Representative means the extent to which a sample mirrors a researcher’s target population and reflects its characteristics (e.g., gender, ethnicity, socioeconomic level).As an entire population tends to be too large to work with, a smaller group of participants must act as a representative sample. A sample is the participants you select from a target population (the group you are interested in) to make generalizations about.You could segment on rural, urban, suburban, and then take a random sample within each. For example, if interested in distance to clean water for populated areas in a region, you must first have a list of all of these regions. Note that this requires knowing the population of interest.Within each category take a random sample. Segment your population into the predetermined key categories of interest.If you are afraid that you will not obtain enough people (observations) for one of your key categories in a simple random sample, then a stratified random sample is a viable alternative.


Stratified random sampling trial#
In particular, it examines views regarding individual compensation for participation and post-trial benefits to the community in which the trial took place. In Grady et al (2008) the study examines the views of research participants in a hypothetical HIV vaccine study. (Investigators oversample in the smaller strata in order to increase their sample size, which is necessary to conduct proper statistical analyses.) In practice, stratified random sampling along with other more complex sampling techniques are employed in large-scale surveys, especially governmental censes, to reduce some of the logistical costs associated with collecting information from a sample.
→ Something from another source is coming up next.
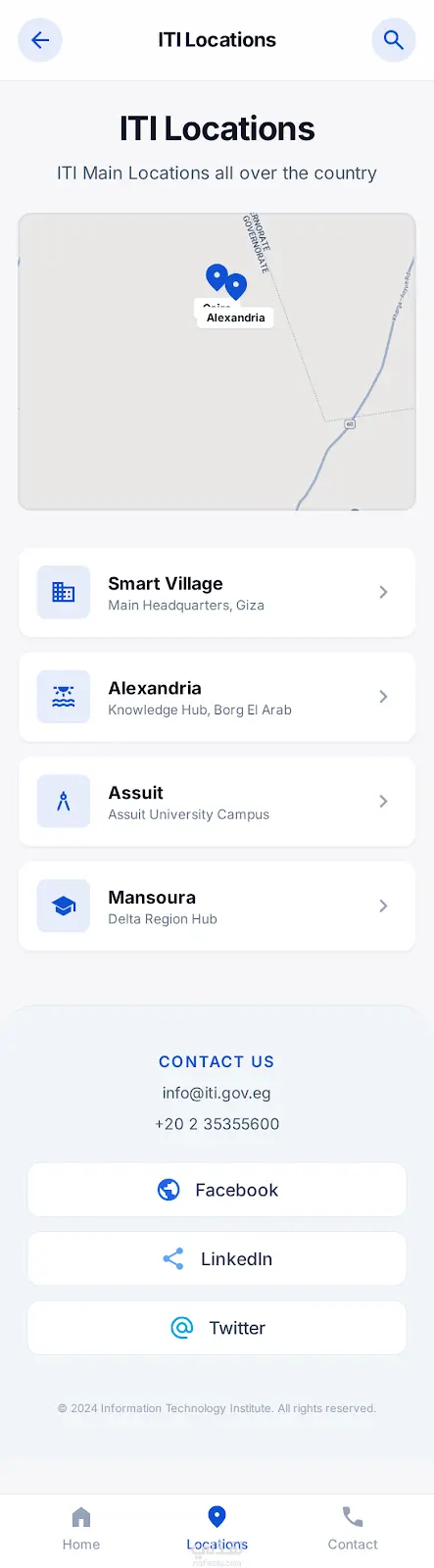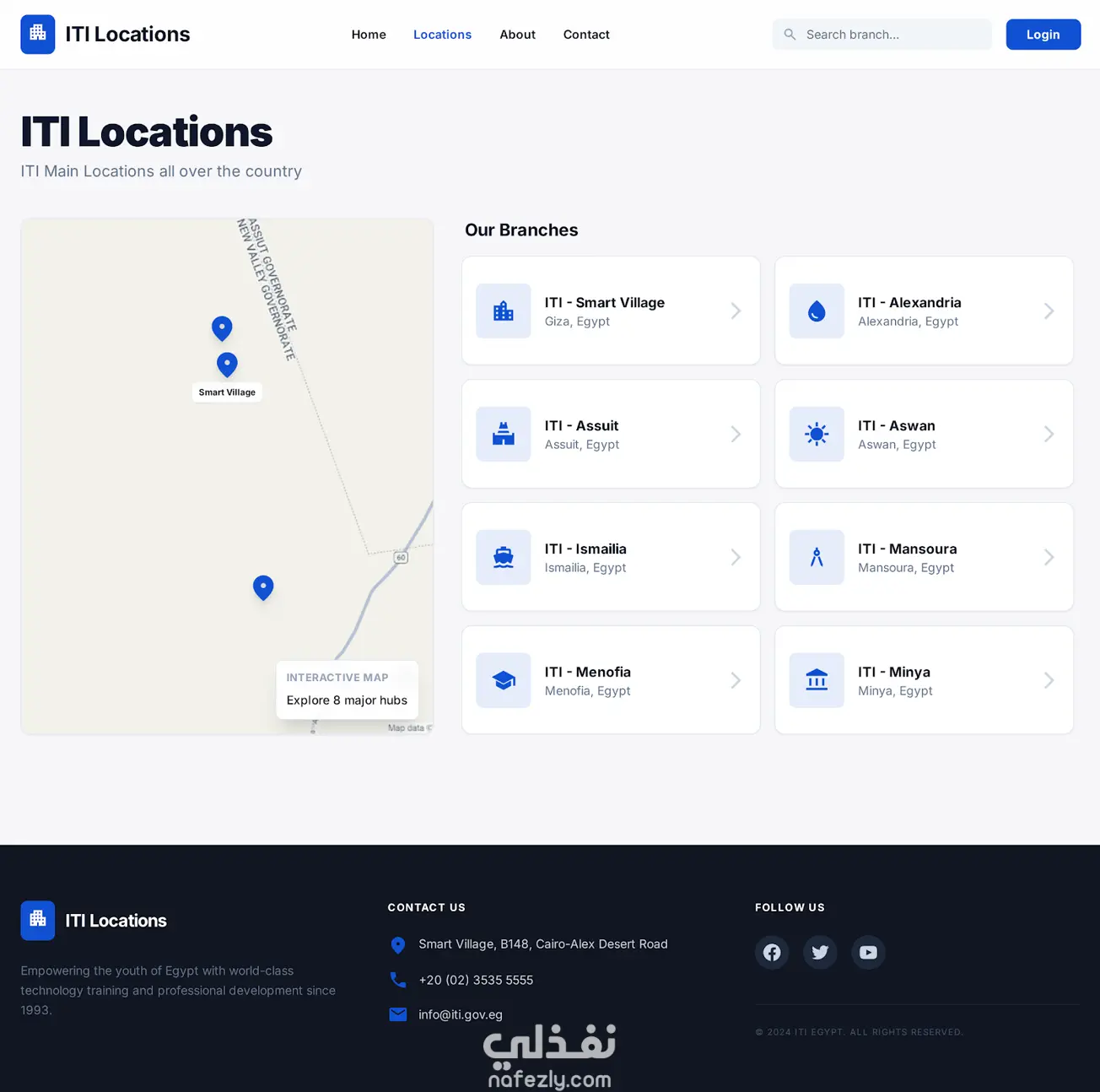 تصميم واجهة مستخدم (UI) متكاملة لمنصة عرض فروع معهد تكنولوجيا المعلومات (ITI)، مع التركيز على تقديم تجربة مستخدم (UX) سلسة عبر مختلف الشاشات.

Stratified random sampling is used instead of simple random sampling when the categories of the strata are thought to be too distinct and too important to the research interest, and/or when investigators wish to oversample a particularly small group of interest. every element in the population can be assigned to only one stratum), and no population element can be excluded in the construction of strata. Each strata should be mutually exclusive (i.e. This way a randomised probabilistic sample is selected within each stratum. The second step is to take a simple random sample within each stratum.

The strata are chosen to divide a population into important categories relevant to the research interest.įor example, if interested in school achievement we may want to first split schools into rural, urban, and suburban as school achievement on average may be quite distinct between these regions. Stratified random sampling is a probabilistic sampling method, in which the first step is to split the population into strata, i.e.